Progression in learning is a process of developing and improving in skills and knowledge over time. This focuses on understanding what it means to make progress in a given area or discipline and how learners should deepen and broaden their knowledge and understanding, skills and capacities, and attributes and dispositions. This is key to them embodying the four purposes and to progressing into different pathways beyond school.

We want our pupils to make progress by developing many different skills, values and attitudes, like a tree with many branches. We want to prepare our pupils to be effective and capable learners for the rest of their lives, and to have the skills they need to be successful in all areas of their adult lives. The Curriculum for Wales has changed radically from the previous curriculum, and the focus is is no longer on WHAT PUPILS KNOW but on WHAT PUPILS CAN DO.

How do we want our pupils to progress?

Increasing effectiveness

We want our pupils to become increasingly effective at learning in a social and work-related context. As they become increasingly effective they are able to seek appropriate support and independently identify sources of that support. We want our pupils to ask increasingly sophisticated questions and find and evaluate answers from an increasing range of sources. This includes increasingly successful approaches to self-evaluation, identification of their next steps in learning and more effective means of self-regulation.

Increasing breadth and depth of knowledge

We want our pupils to acquire both breadth and depth of knowledge.

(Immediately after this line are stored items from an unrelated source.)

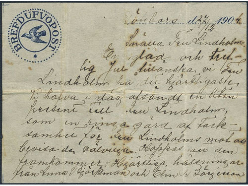 Sweden. Postal documentation, Carrier pigeon letter ('Brefdufvpost) dated '27.12.1904'. Folded several times, for natura.. Läs mer Sweden. Postal documentation, Carrier pigeon letter ('Brefdufvpost) dated '27.12.1904'. Folded several times, for natural reasons. Scarce and interesting. Visa mindre
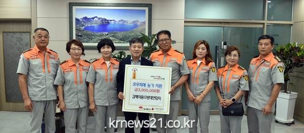 정성주 김제시장은 “봉사와 나눔을 꾸준히 실천하고 계시는 의용소방대원들에게 감사드리며, 따뜻한 마음이 담겨있는 귀한 성금을 호우피해 농가에 잘 전달하겠다.”라고 밝혔다.
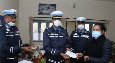 मिर्गौलापीडित प्रहरी जवान खत्रीलाई ट्राफिक प्रहरीको पौने चार लाख सहयोग
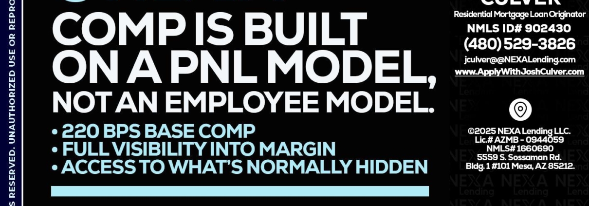 Hi, my name is Joshua Culver. I’m a Loan Officer with NEXA Lending LLC., offering personalized mortgage solutions, fast customized quotes, great rates and service with integrity.
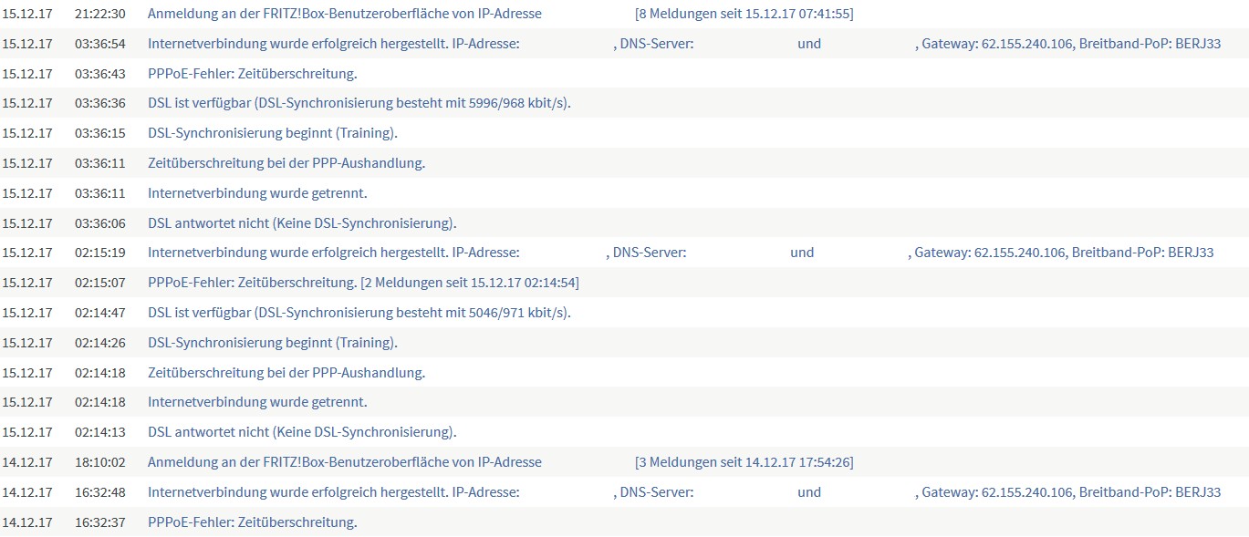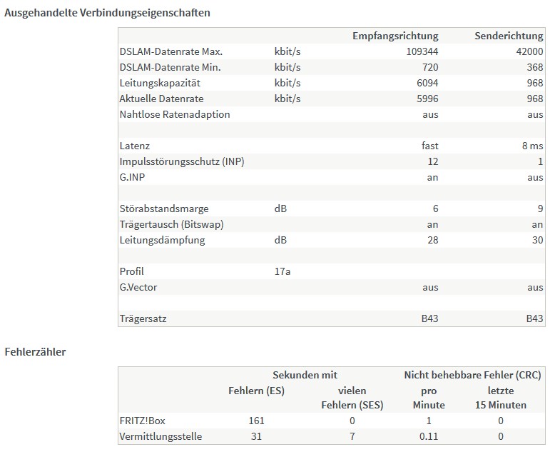 Kein DSL Signal (X) Telefonie (X) Bandbreite ( ) Abbrüche ( )
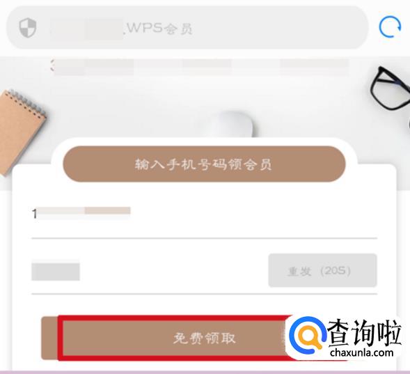 在这里输入手机号码再获取验证码,最后免费领取wps会员。
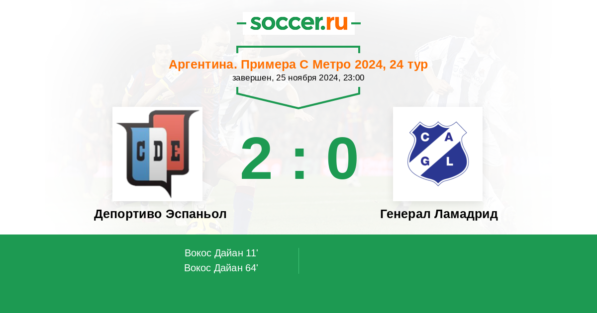 Протокол матча Депортиво Эспаньол против Генерал Ламадрид

As learners progress, we want them to develop an increasingly sophisticated understanding of the concepts that underpin different statements of what matters across all the Areas of Learning Experience. We want them to develop a growing understanding of the relationships between these and use them to make sense of and apply knowledge.

Deepening understanding of the ideas and disciplines within the Areas

We want our pupils to become increasingly aware of the ways in which ideas and approaches can be grouped and organised. As they progress, they need to develop deeper understanding of the different types of learning that are involved in each Area of Learning Experience, and see these in the context of the four purposes and the statements of what matters.

Refinement and growing sophistication in the use and application of skills

We want our pupils to develop a range of skills including: physical, communication, cognitive and Area specific skills. In the early stages of learning, this range of skills includes focus on developing gross and fine motor; communicative and social skills. They will also develop the skills of evaluating and organising information in applying what they have learned. As learners progress, we want them to be able to demonstrate more refined application of existing skills, and to experience opportunities to develop new, more specific and more sophisticated skills.

Over time, we want our learners to be able to effectively organise a growing number of increasingly sophisticated ideas, to apply understanding in various contexts and to communicate their thoughts effectively, using a range of methods, resources or equipment appropriate to their purpose and audience.

Making connections and transferring learning into new contexts

We want our pupils to become more confident in making connections across their learning within an Area, between Areas, and with their experiences outside of school. Over time these connections will be increasingly sophisticated, explained and justified by our learners. We want pupils to be able to apply and use previously acquired knowledge and skills in different, unfamiliar and challenging contexts.